Author: Craig Lancaster
Series: Stand Alone
Pages: 304
Published: Available now from Amazon Encore
ISBN: 9781935597247
Source: sent for review
Description: He owed a lot of people, but I was the only one left to collect. I told myself that I didn’t care about him, only about what he owed me, whatever that was. I even tried to believe it. When Mitch Quillen’s life begins to unravel, he fears there is no escape. His marriage and his career are both failing, and his relationship with his father has been a disaster for decades. Approaching forty, Mitch doesn’t want to become a middle-aged statistic. When his estranged father, Jim, suddenly calls, Mitch’s wife urges him to respond. Ready for a change, Mitch heads to Montana and a showdown that will alter the course of his life. Amid a backdrop of rugged peaks and valleys, the story unfolds: a violent episode that triggered the rift, thirty years of miscommunication, and the possibility of misplaced blame.
I Give This ...
Lancaster's debut novel 600 Hours of Edward was one of my favorite books of 2009. So, needless to say, I was more than happy to review his sophomore effort.

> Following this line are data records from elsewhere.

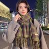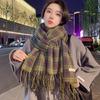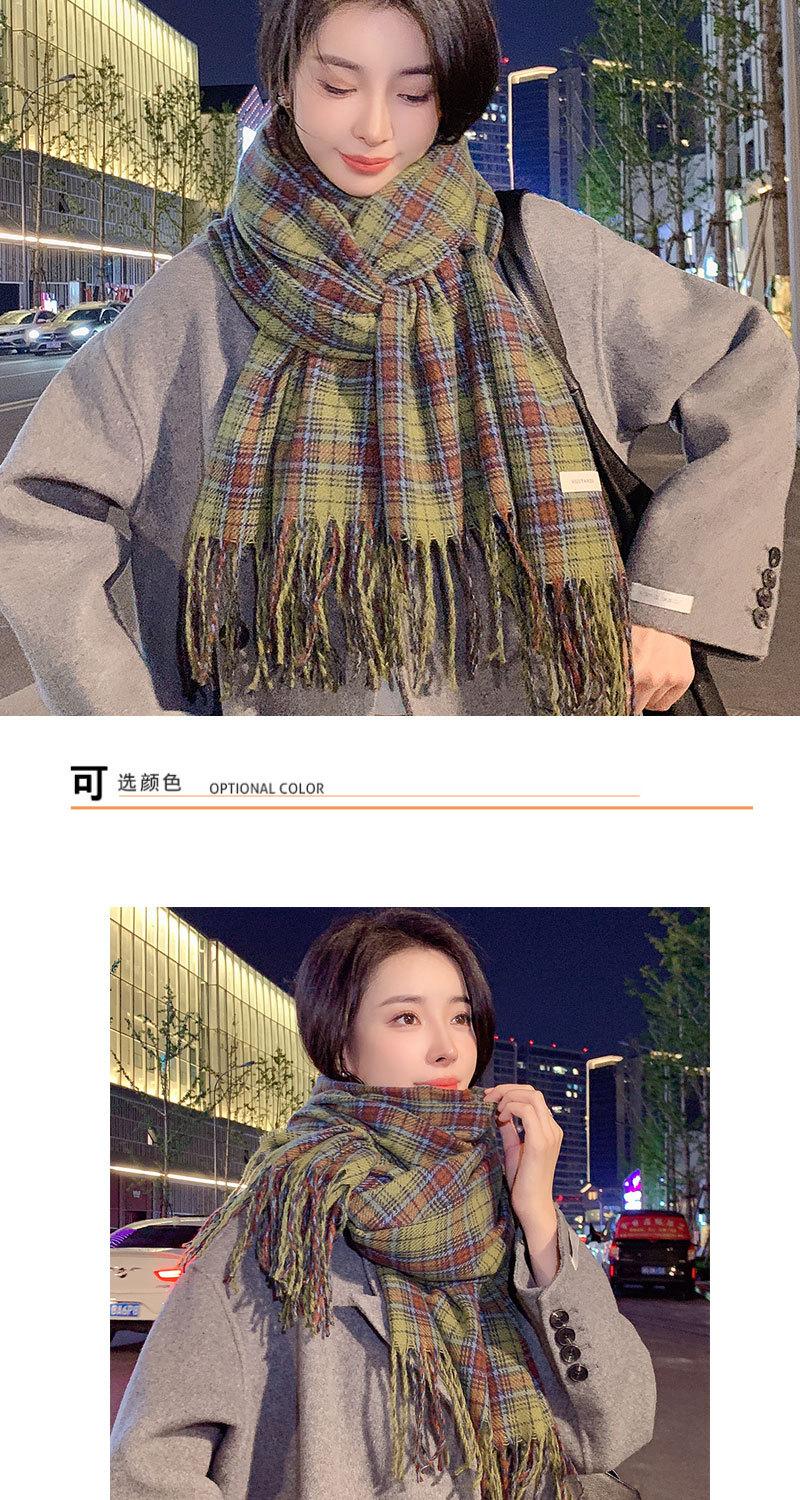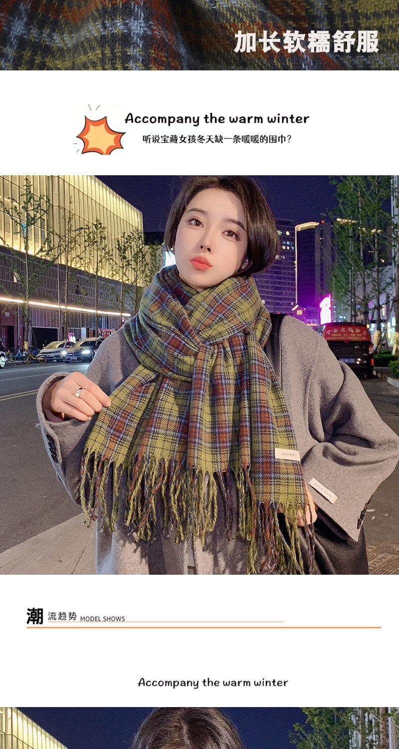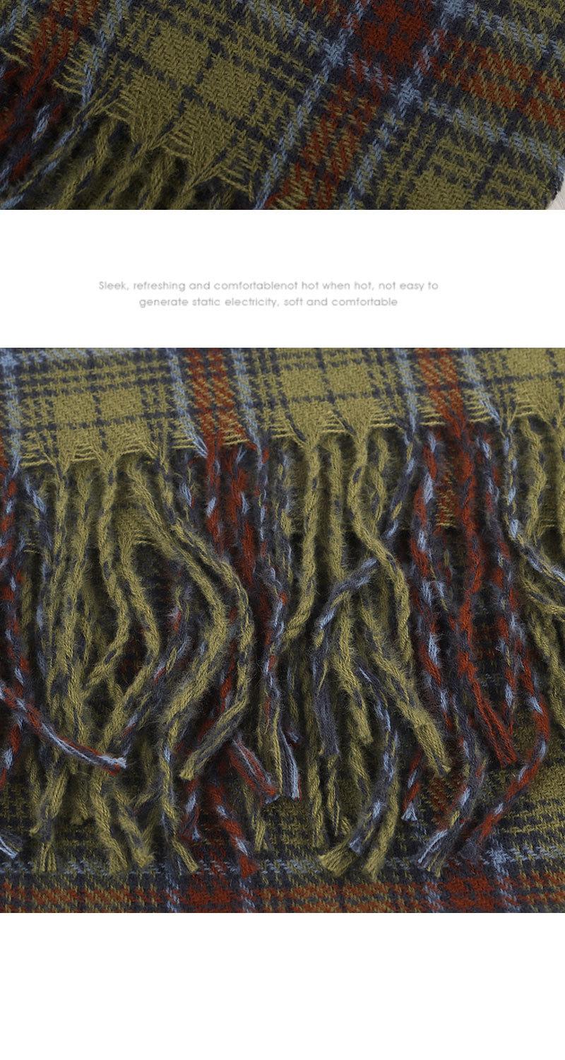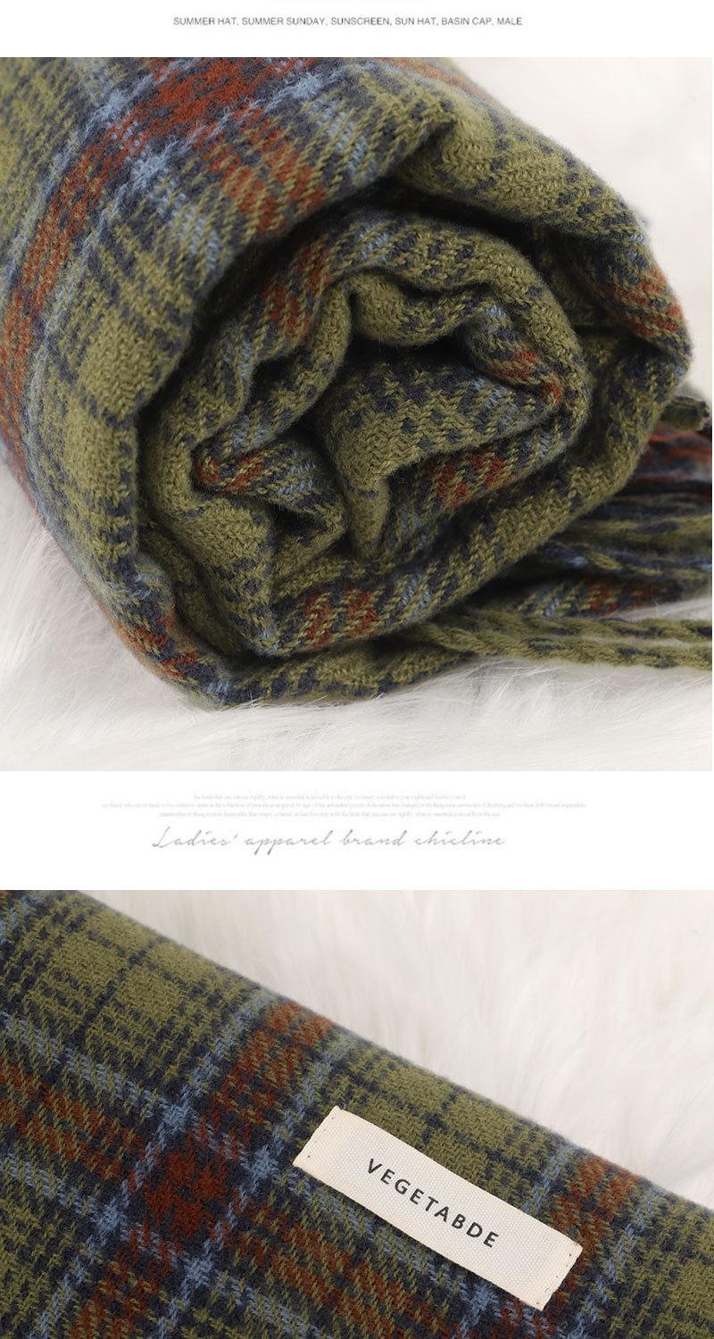 Bufanda a cuadros verde retro para mujer, personalidad que combina con todo, otoño e invierno, bufanda tipo chal cálida de alta calidad americana, estilo coreano
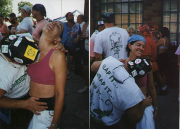 I had the pleasure of meeting Terry (above -- being Lum'ed) and Antoinette (left-- being licked) in Bentonsport, Iowa. They road with the team "Escape from New York". As you can see, Terry and Antoinette were ready for any of the hazards RAGBRAI had to offer (actually seems like Antoinette was enjoying her lickin').
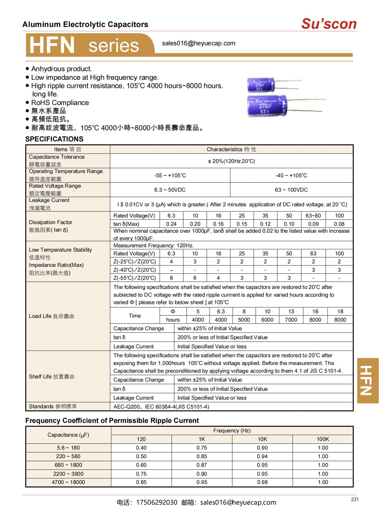 ● Anhydrous product.● Low impedance at High frequency range. ● High ripple current resistance, 105℃ 4000 hours~8000 hours.long life.● RoHS Compliance ● 無水系產品 ● 高頻低阻抗。 ● 耐高紋波電流、105℃ 4000小時~8000小時長壽命產品。

Lancaster creates characters that you can identify with. Mitch is no exception. I really felt his struggle with is wife and his battle to try to figure out the best way to save his marriage. I also felt his struggle with himself and the things he's burried so deep even he's not sure what exactly they are. But most of all, I really felt his struggle with his father. And really it's the basis of the entire story because it's affected Mitch's entire life.
I like the Lancaster tackled such a delicate subject as family rifts. My own family is pretty tight as is my husband's. But, I can see how they could happen. And, I'm sure it's very common. The book explorers a summer when Mitch was young when the initial rift occurred and the present (well 2007 but could be the present). His father has reached out to him and they must overcome that summer that stands between them.

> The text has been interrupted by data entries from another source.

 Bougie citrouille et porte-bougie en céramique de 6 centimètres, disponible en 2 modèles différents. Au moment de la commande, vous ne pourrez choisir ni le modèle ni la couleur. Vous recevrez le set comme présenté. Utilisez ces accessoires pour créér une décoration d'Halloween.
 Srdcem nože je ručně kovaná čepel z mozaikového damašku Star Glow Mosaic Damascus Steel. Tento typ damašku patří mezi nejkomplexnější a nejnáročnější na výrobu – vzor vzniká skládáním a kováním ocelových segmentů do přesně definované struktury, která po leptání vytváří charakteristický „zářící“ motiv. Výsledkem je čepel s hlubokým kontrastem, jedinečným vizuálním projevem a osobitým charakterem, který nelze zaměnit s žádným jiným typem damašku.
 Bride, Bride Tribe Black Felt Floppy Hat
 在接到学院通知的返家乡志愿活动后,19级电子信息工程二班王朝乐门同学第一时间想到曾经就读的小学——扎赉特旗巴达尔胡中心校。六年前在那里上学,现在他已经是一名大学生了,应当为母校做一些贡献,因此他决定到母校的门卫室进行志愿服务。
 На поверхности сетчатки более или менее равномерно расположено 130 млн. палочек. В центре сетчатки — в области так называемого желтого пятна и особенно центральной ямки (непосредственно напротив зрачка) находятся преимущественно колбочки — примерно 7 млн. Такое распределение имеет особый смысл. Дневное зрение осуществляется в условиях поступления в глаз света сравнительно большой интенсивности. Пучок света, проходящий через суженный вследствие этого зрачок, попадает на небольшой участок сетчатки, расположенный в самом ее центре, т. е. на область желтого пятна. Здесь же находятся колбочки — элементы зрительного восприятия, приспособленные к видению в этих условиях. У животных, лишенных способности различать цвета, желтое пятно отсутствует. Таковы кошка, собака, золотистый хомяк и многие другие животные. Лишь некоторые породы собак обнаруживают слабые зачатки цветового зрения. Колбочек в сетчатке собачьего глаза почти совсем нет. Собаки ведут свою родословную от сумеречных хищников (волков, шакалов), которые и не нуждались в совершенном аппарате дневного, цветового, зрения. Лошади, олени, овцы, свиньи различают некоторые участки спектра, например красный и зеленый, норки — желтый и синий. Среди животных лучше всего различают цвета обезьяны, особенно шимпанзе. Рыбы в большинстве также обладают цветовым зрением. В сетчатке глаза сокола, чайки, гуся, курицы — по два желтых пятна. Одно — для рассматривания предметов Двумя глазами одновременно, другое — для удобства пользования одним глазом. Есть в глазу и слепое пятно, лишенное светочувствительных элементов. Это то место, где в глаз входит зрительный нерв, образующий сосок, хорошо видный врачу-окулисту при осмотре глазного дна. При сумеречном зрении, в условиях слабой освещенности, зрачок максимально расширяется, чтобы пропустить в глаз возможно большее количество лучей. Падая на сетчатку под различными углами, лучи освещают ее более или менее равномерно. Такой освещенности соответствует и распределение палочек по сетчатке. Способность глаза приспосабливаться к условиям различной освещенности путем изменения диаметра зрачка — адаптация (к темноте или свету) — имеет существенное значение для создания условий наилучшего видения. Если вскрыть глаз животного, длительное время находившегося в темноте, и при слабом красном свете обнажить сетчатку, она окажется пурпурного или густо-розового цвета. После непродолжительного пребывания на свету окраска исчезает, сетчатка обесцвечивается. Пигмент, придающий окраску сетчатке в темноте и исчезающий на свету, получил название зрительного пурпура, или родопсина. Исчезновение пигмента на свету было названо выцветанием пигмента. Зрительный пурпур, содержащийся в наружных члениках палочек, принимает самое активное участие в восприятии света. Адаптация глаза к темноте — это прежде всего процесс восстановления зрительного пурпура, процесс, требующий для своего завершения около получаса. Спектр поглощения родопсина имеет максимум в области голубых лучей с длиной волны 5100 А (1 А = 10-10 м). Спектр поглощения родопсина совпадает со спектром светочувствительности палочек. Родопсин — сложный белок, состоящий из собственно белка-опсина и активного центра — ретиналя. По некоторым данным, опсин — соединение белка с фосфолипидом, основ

Reading about Mitch's father and you can see why he's a hard man to like. When Mitch was young, he was never the father he needed him to be. And now that he's an adult, he's a man he wishes could change but accepts that maybe that's not possible. As the events of both summers are laid out in the book we come to really understand what's going on. Mitch's father has been hiding things for so long that I'm not even sure he can let them go them. I was surprised at Mitch's father's upbringing. It was dark and unpleasant and I think accounted for a lot of how he acted as a man, husband, and a father. I wasn't fully surprised at the events that ended that summer when Mitch was young or at what caused him to reach out to his son when he did.
Overall, this was an enjoyable read. I liked the dynamics of the story. And, while the subject matter could be depressing, the story didn't really have that tone. It was more about hope, letting go, and that sometime relationship are the most important things of all!